Bandung, sebelas12.com – Dua tahun masa pemerintahan Presiden Prabowo Subianto menjadi momentum untuk melihat lebih jauh arah kepemimpinannya. Bukan hanya dari banyaknya program yang diluncurkan, tetapi dari pertanyaan yang lebih mendasar: apakah Indonesia sedang membangun negara yang kuat, atau sekadar pemerintahan yang kuat?
Pertanyaan tersebut menjadi penting karena pemerintahan Prabowo memasuki fase ketika berbagai agenda besar mulai diuji dalam pelaksanaan. Dari ketahanan pangan, energi, hilirisasi, industrialisasi, pertahanan hingga program Makan Bergizi Gratis (MBG), pemerintah membawa ambisi besar untuk mewujudkan Indonesia yang lebih mandiri dan berdaulat.
Namun, sebagaimana ditulis Ketua Dewan Pers Komaruddin Hidayat, dua tahun memang terlalu singkat untuk menghakimi sebuah pemerintahan. Meski demikian, rentang waktu tersebut sudah cukup untuk membaca karakter kepemimpinan, prioritas, cara menggunakan kekuasaan, serta kemampuan menerjemahkan gagasan politik menjadi kebijakan publik.
Modal Politik dan Karakter Seorang Petarung
Prabowo memasuki Istana dengan modal politik yang kuat. Ia dilantik pada 20 Oktober 2024 setelah memenangkan Pilpres 2024 dengan mandat elektoral besar. Pengalaman panjang sebagai prajurit, pengusaha, ketua partai hingga calon presiden juga membentuk karakter politiknya.
Salah satu kekuatan yang menonjol adalah daya juang. Prabowo pernah mengalami kekalahan politik, tetapi tetap bertahan dan kembali ke gelanggang.

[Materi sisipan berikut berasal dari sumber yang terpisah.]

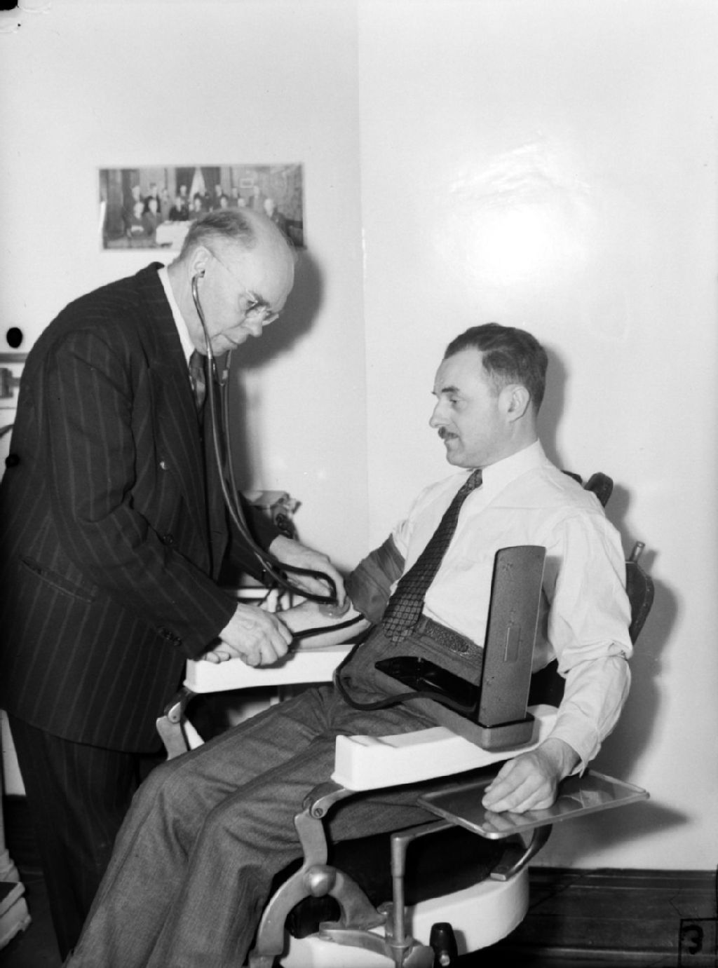 Un médecin prend la tension artérielle d'un wattman qui passe un examen médical
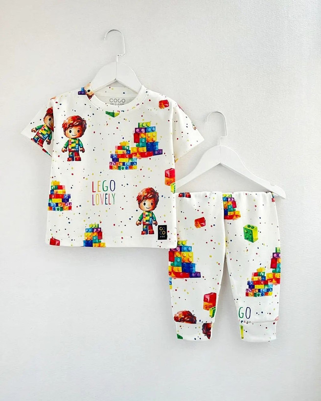 ست تیشرت و شلوار پسرانه طرح لگو کد ۱۲۱۴ برند COCO
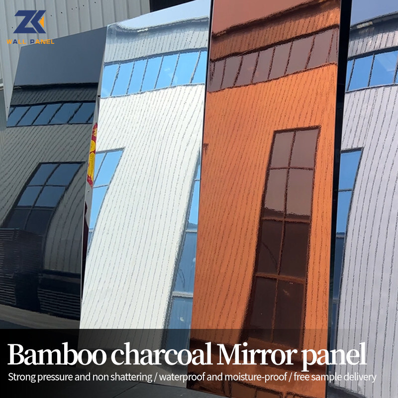 Verspiegeltes PET-Bambus-Holzkohle-Paneel, die Erscheinungstextur ist genau die gleiche wie die Spiegeloberfläche, es ist ein dekoratives Holzfurnierpaneel, das wasserdicht, feuchtigkeitsbeständig, verschleißfest und kratzfest ist und leicht gebogen werden kann. Durch die Kombination des verführerischen Charmes eines Spiegels mit den natürlichen Vorteilen von Bambus-Holzkohle heben verspiegelte Bambus-Holzkohle-Paneele Ihren Wohnraum auf ein neues Niveau und harmonisieren Schönheit und Funktion wie nie zuvor. Entfesseln Sie die visuelle Anziehungskraft und genießen Sie eine attraktive reflektierende Oberfläche, die Ihren Wohnraum erweitert. Unsere verspiegelten Bambus-Holzkohle-Paneele erfassen und spielen leicht mit Licht und erzeugen eine Illusion von Offenheit und Erhabenheit. Verwandeln Sie Ihr Zimmer in einen Schrein der Eleganz und Raffinesse. Verspiegelte Bambus-Holzkohle-Wandpaneele reinigen nicht nur die Luft, indem sie unerwünschte Gerüche und Schadstoffe absorbieren, sondern schaffen auch eine friedliche Atmosphäre, die Entspannung und Wohlbefinden fördert. Umarmen Sie die Ruhe, die nur die natürlichen Elemente bieten können.
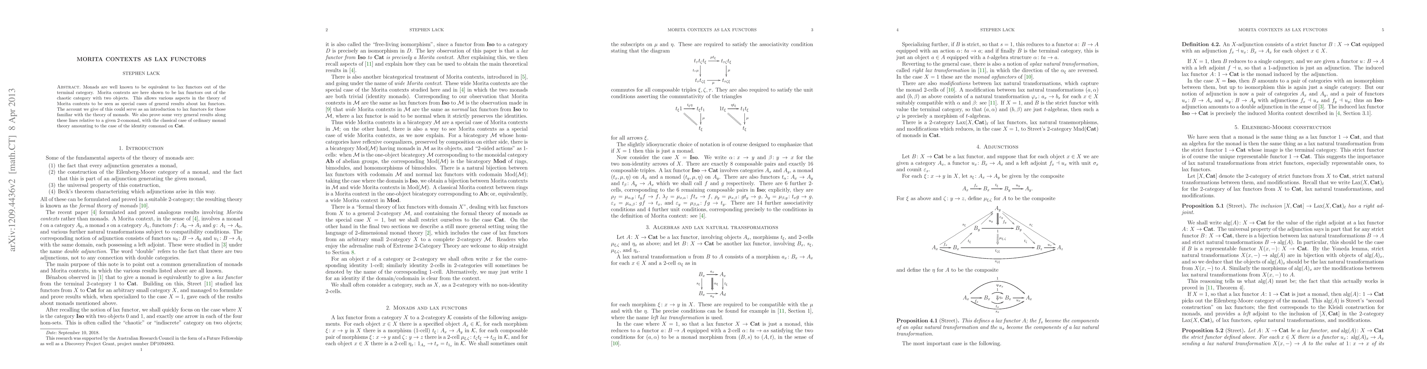 Monads are well known to be equivalent to lax functors out of the terminal category. Morita contexts are here shown to be lax functors out of the chaotic category with two objects. This allows various aspects in the theory of Morita contexts to be seen as special cases of general results about lax functors. The account we give of this could serve as an introduction to lax functors for those familiar with the theory of monads. We also prove some very general results along these lines relative to a given 2-comonad, with the classical case of ordinary monad theory amounting to the case of the identity comonad on Cat.

Karakter tersebut berjalan beriringan dengan nasionalisme yang kuat. Kedaulatan negara, pertahanan, pangan dan energi tidak sekadar ditempatkan sebagai sektor pemerintahan, tetapi bagian dari visi besar mengenai Indonesia yang mandiri.

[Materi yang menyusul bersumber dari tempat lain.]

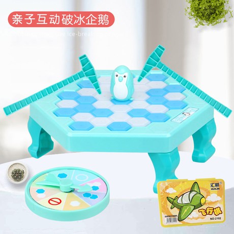 Mainan anak-anak, kecerdasan, 3 orang tua-anak, 4 permainan papan, merakit blok bangunan, memecahkan es, mengetuk es, penguin, 7 otak, lebih dari 6 tahun Cara Bermain -Jika Seorang Pemain Memukul sepotong balok ice dengan palu ,dan patungnya jatuh,maka pemain tersebut kalah SNI

Pandangan tersebut menjadi semakin relevan di tengah ketidakpastian geopolitik global, mulai dari perang Rusia-Ukraina, konflik Timur Tengah, rivalitas Amerika Serikat-China, perubahan rantai pasok hingga perebutan sumber daya strategis.
Persoalannya, negara yang kuat tidak cukup dibangun dengan presiden yang kuat.
Negara Kuat Harus Ditopang Institusi
Kekuatan negara pada akhirnya ditentukan oleh kualitas institusinya. Hukum harus berjalan, birokrasi profesional, pendidikan bermutu, ekonomi produktif, teknologi berkembang, korupsi terkendali dan masyarakat memiliki kepercayaan terhadap lembaga negara.
Dalam pemerintahan Prabowo, sejumlah agenda besar telah terlihat jelas, seperti swasembada pangan, ketahanan energi, hilirisasi, industrialisasi, pertahanan dan pembangunan manusia.
Salah satu yang paling menonjol adalah program Makan Bergizi Gratis (MBG). Program ini tidak hanya berbicara tentang makanan bagi anak sekolah, tetapi juga menyentuh gagasan bahwa negara harus memastikan generasi muda memperoleh gizi yang layak agar memiliki kesempatan berkembang secara lebih setara.
Dalam rancangan APBN 2026, MBG ditargetkan menjangkau 82,9 juta penerima manfaat dengan anggaran Rp335 triliun. Besarnya skala program tersebut sekaligus membuat tuntutan terhadap tata kelolanya semakin tinggi.
Program sebesar itu membutuhkan standar gizi, keamanan pangan, rantai pasok, tenaga profesional serta pengawasan yang ketat. Kasus keracunan makanan di sejumlah daerah menjadi pengingat bahwa niat baik saja tidak cukup ketika sebuah kebijakan dijalankan dalam skala puluhan juta penerima.
Prinsipnya sederhana: semakin besar ambisi kebijakan, semakin tinggi pula tuntutan profesionalismenya.
Swasembada Pangan Jangan Berhenti pada Angka Produksi
Agenda lain yang menjadi perhatian adalah swasembada pangan.
Pemerintah menyatakan produksi dan cadangan beras mengalami peningkatan signifikan. Pada pertengahan 2026, pemerintah bahkan menyebut cadangan beras pemerintah telah menembus lebih dari 5,3 juta ton.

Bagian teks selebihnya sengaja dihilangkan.